I'm using samza-hdfs to write Kafka streams to HDFS, but I can't make it
work.
Here is my samza job's properties file:
# Job
job.factory.class=org.apache.samza.job.yarn.YarnJobFactory
job.name=kafka2hdfs
# YARN
yarn.package.path=file://${basedir}/target/${project.artifactId}-${pom.version}-dist.tar.gz
# Task
task.class=net.tangrui.kafka2hdfs.Kafka2HDFSStreamTask
task.inputs=kafka.events
# Serializers
serializers.registry.string.class=org.apache.samza.serializers.StringSerdeFactory
# Systems
systems.kafka.samza.factory=org.apache.samza.system.kafka.KafkaSystemFactory
systems.kafka.samza.msg.serde=string
systems.kafka.consumer.zookeeper.connect=localhost:2181
systems.kafka.producer.bootstrap.servers=localhost:9092
systems.hdfs.samza.factory=org.apache.samza.system.hdfs.HdfsSystemFactory
systems.hdfs.producer.hdfs.writer.class=org.apache.samza.system.hdfs.writer.TextSequenceFileHdfsWriter
systems.hdfs.producer.hdfs.base.output.dir=/events
# Job Coordinator
job.coordinator.system=kafka
# Normally, this would be 3, but we have only one broker.
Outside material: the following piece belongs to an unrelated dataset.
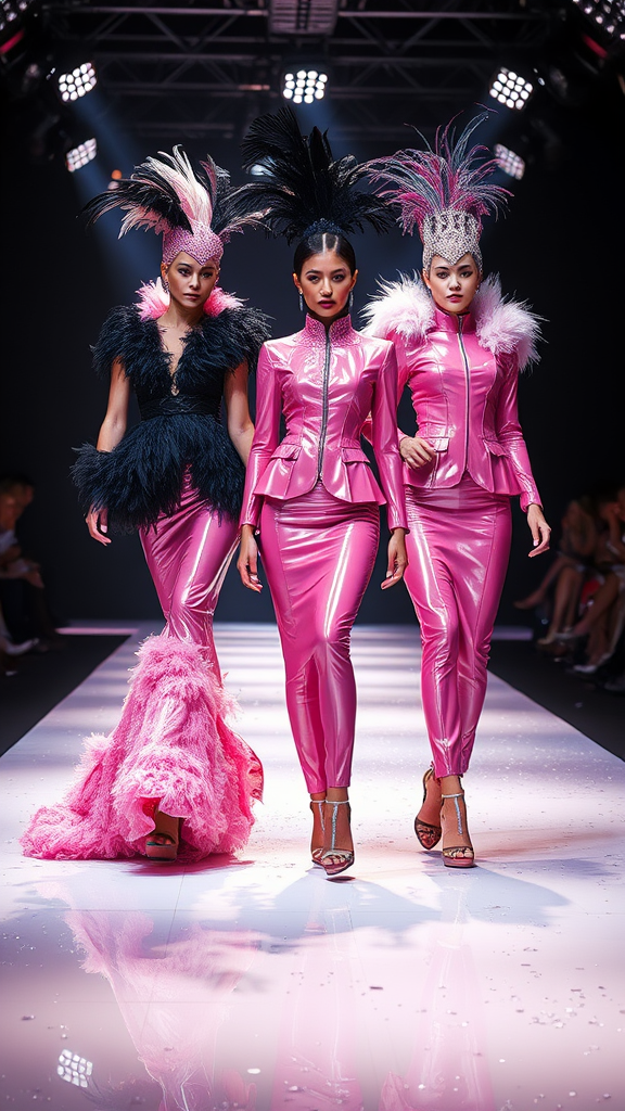 Exquisite ensembles, high fashion: models in elegantly tailored pink patent leather, adorned with crow feathers and luxurious boas, paired with towering high heels and shimmering glitter; showcasing the most intricate details and runway finesse, illuminated by dazzling spotlights --ar 4:5.

job.coordinator.replication.factor=1
Here is my simple task:
public class Kafka2HDFSStreamTask implements StreamTask {
private final SystemStream OUTPUT_STREAM = new SystemStream("hdfs",*
"default"*);
@Override
public void process(IncomingMessageEnvelope incomingMessageEnvelope,
MessageCollector messageCollector, TaskCoordinator
taskCoordinator) throws Exception {
String message = (String) incomingMessageEnvelope.getMessage();
OutgoingMessageEnvelope envelope = new
OutgoingMessageEnvelope(OUTPUT_STREAM, message);
messageCollector.send(envelope);
}
}
When running this job, a sequence file will be created in HDFS, but only
has some header info, no content. I cannot figure out where is wrong. And
what should I provide with the "stream" parameter when building the
SystemStream instance.